The AI boom has been built on a simple assumption: the companies with the best models will capture most of the value. That belief helped push valuations for leading AI developers into the hundreds of billions of dollars and turned model performance benchmarks into headline news.
But markets have a habit of changing the rules. When a technology becomes widely available and customers can switch providers with little friction, price becomes the battleground. New reports suggest that moment may be arriving for artificial intelligence.
OpenAI’s Pricing Move Could Change Everything
According to The Wall Street Journal, OpenAI is considering “drastic price cuts” as competition with Anthropic intensifies. CNBC separately reported that OpenAI is evaluating lower token pricing in anticipation of a broader fight for enterprise customers.
The numbers behind this matter. OpenAI and Anthropic are both spending billions of dollars on infrastructure while racing toward potential IPOs. Yet customers are increasingly scrutinizing AI spending and demanding measurable returns. OpenAI CEO Sam Altman recently acknowledged that AI costs have become “a huge issue” for customers. Uber Technologies (NYSE:UBER | UBER Price Prediction) infamously spent its entire AI budget for the year in just four months.
What’s more interesting is what many enterprise software users are already reporting.
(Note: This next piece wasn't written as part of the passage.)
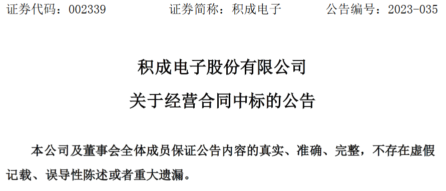 积成电子(002339)于6月7日发布公告称,积成电子股份有限公司(以下简称“公司”或“本公司”)于 2023 年 6 月 6 日收到国家电网有限公司及国网物资有限公司发来的中标通知书,确定本公司为“国家电网有限公司 2023 年第三十五批采购(营销项目第一次电能表(含用电信息采集)招标采购)”项目的中标人,共中 5 个包,中标金额合计 10,472.03万元。

Increasingly, companies seem less concerned about whether a vendor uses OpenAI, Anthropic, Google, or another third-party model. They care about results, compliance, workflow integration, and cost.
That’s not what a durable moat looks like. When customers become indifferent to the underlying model, the model starts looking like a commodity.
The Real Moat May Be Customer Data
If model differentiation continues shrinking over the next several years, the winning AI companies won’t necessarily be those with the smartest models. They’ll be the companies that possess the most valuable customer-specific data and can safely deploy AI agents on top of it.
Think about what enterprise customers actually need:
- Regulatory compliance
- Historical transaction records
- Customer relationship data
- Healthcare records
- Supply chain information
- Internal workflow data
The companies already sitting on these datasets are the large enterprise software providers.
Earlier this year, investors punished many software stocks during the so-called “SaaS-pocalypse.” Revenue growth slowed, valuation multiples compressed, and investors shifted attention toward AI infrastructure plays. Yet these software firms maintained control over something far more difficult to replicate than a language model: decades of proprietary customer data.
That data becomes exponentially more valuable when AI agents begin making decisions and executing work on behalf of customers.
Why This Could Create Surprising Winners
Surprisingly, this logic helps explain why some analysts believe companies far removed from the AI model wars could become enormous beneficiaries.
One recent analysis argued that Eli Lilly (NYSE:LLY) could surpass Nvidia (NASDAQ:NVDA) in market value within five years. The reasoning wasn’t that Lilly would build better AI models. It was that proprietary healthcare data, patient relationships, and specialized industry expertise may become more valuable than access to increasingly interchangeable AI engines.
The same principle applies across enterprise software. If OpenAI, Anthropic, Google, and others engage in aggressive pricing competition, the economic value may migrate away from the model providers and toward the companies that own the customer relationship and the underlying data.
In other words, AI models may become the electricity. The software platforms connected to customer data become the power grid.
Key Takeaway
In short, a price war between OpenAI and Anthropic could be a warning sign for investors betting exclusively on model providers. Reports of potential pricing cuts suggest competitive pressure is already building.
Granted, model leadership still matters. The best systems will continue attracting users and enterprise contracts. That said, if switching costs remain low and performance differences narrow, pricing pressure becomes difficult to avoid.
Regardless, investors should pay closer attention to who owns the data rather than who owns the model. The enterprise software companies that many investors abandoned during the SaaS downturn may ultimately control the most valuable asset in the AI economy: trusted access to customer information.
And in investing, the companies everyone hates today often become the stocks everyone wishes they had bought tomorrow.